String Quartet (Barber)

The String Quartet in B minor, Op. 11 was written in 1935–36 by Samuel Barber. Barber arranged the middle movement for string orchestra as his well-known Adagio for Strings in 1936. Barber continued to revise the piece, particularly the finale, until 1943.

  1. Molto allegro e appassionato
  2. Molto adagio [attacca]
  3. Molto allegro (come prima)

Begun while living in Austria with his partner Gian Carlo Menotti after Barber's Prix de Rome, Barber intended that the quartet be premiered by the Curtis String Quartet, but did not finish the piece in time for their concert tour. On September 19, 1936, Barber wrote their cellist Orlando Cole: "I have just finished the slow movement of my quartet today—it is a knockout! Now for a Finale." Having completed a finale, the string quartet was premiered in its provisional form by the Pro Arte Quartet on December 14, 1936, at the Villa Aurelia in Rome. Afterward Barber withdrew the finale so as to rewrite it, which he did by April 1937. He rewrote it again before it was published. The final form was premiered by the Budapest Quartet on May 28, 1943, at the Library of Congress in Washington, D.C.[1]

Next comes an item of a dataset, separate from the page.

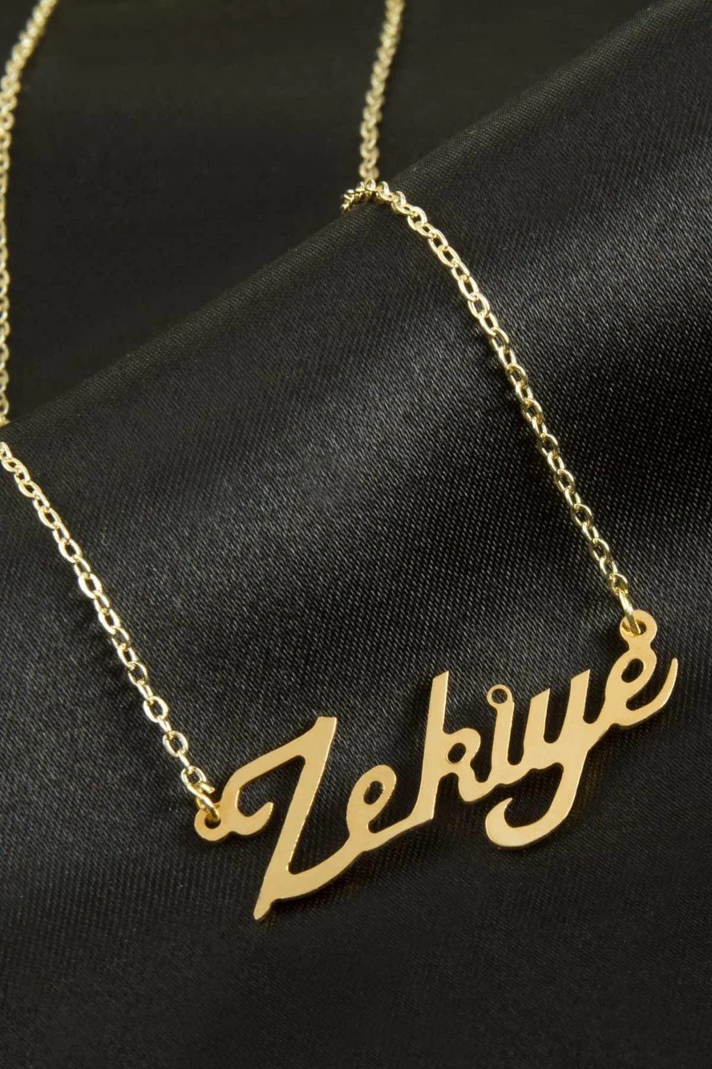 Zekiye isimli kolye. İsimli kolye pirinç madeninden ve altın kaplamalıdır. Kişiye özel üretilmektedir.Yazdırmak istediğiniz ismi bize mesaj olarak iletmeniz gerekmektedir. Kullanıma bağlı olarak uzun süre kullanıma uygundur. Ürün malzemesi 1.sınıf kalitededir. Ürün ve zinciri sarı renktedir. Ürün zincir boyu 45 cm ve ürün üzerindeki isimler yaklaşık 3 cmdir. İsim boyları ürün ismine göre degişiklik göstermektedir.
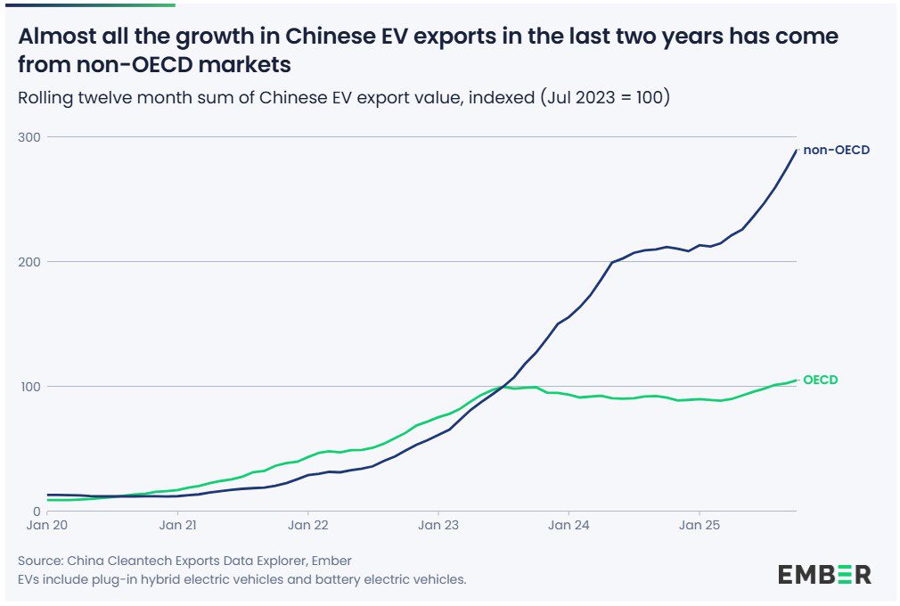 Importantly, Ember’s analysis has found that, since mid-2023, almost all the growth in the export of Chinese electrified vehicles has come from non-OECD markets. Brazil, Mexico, the UAE, and Indonesia are among the ten largest destinations for Chinese EV exports so far in 2025 thanks to top-down policies designed to support EV adoption.

The opening movement is in sonata form, the second movement a famous adagio, and the final version of the finale, added to the second movement attacca, is shortened, lasting two-minutes, and revisits themes from the opening movement, thereby creating a cyclic form for the quartet.[2] The opening movement has three theme areas, the first a dramatic motif stated in unison by all four instruments, the second slinky chorale like music, and the third a yearning lyrical melody.[2] The quartet as a whole is in the key of B minor,[2] however the central movement is in B minor.[3] The materials of the second movement consist of "a very slow and extended melody built from stepwise intervals, slightly varied in its numerous repetitions, uncoiling over (or in the midst of) sustained chords that change with note-by-note reluctance, all of it building into a powerful climax at the high end of the instruments' range and then quickly receding to the contemplative quietude that ultimately defines this musical expanse."[3]

Barber accepted a commission for a second string quartet in 1947, but never got past a few pages of sketches.[3]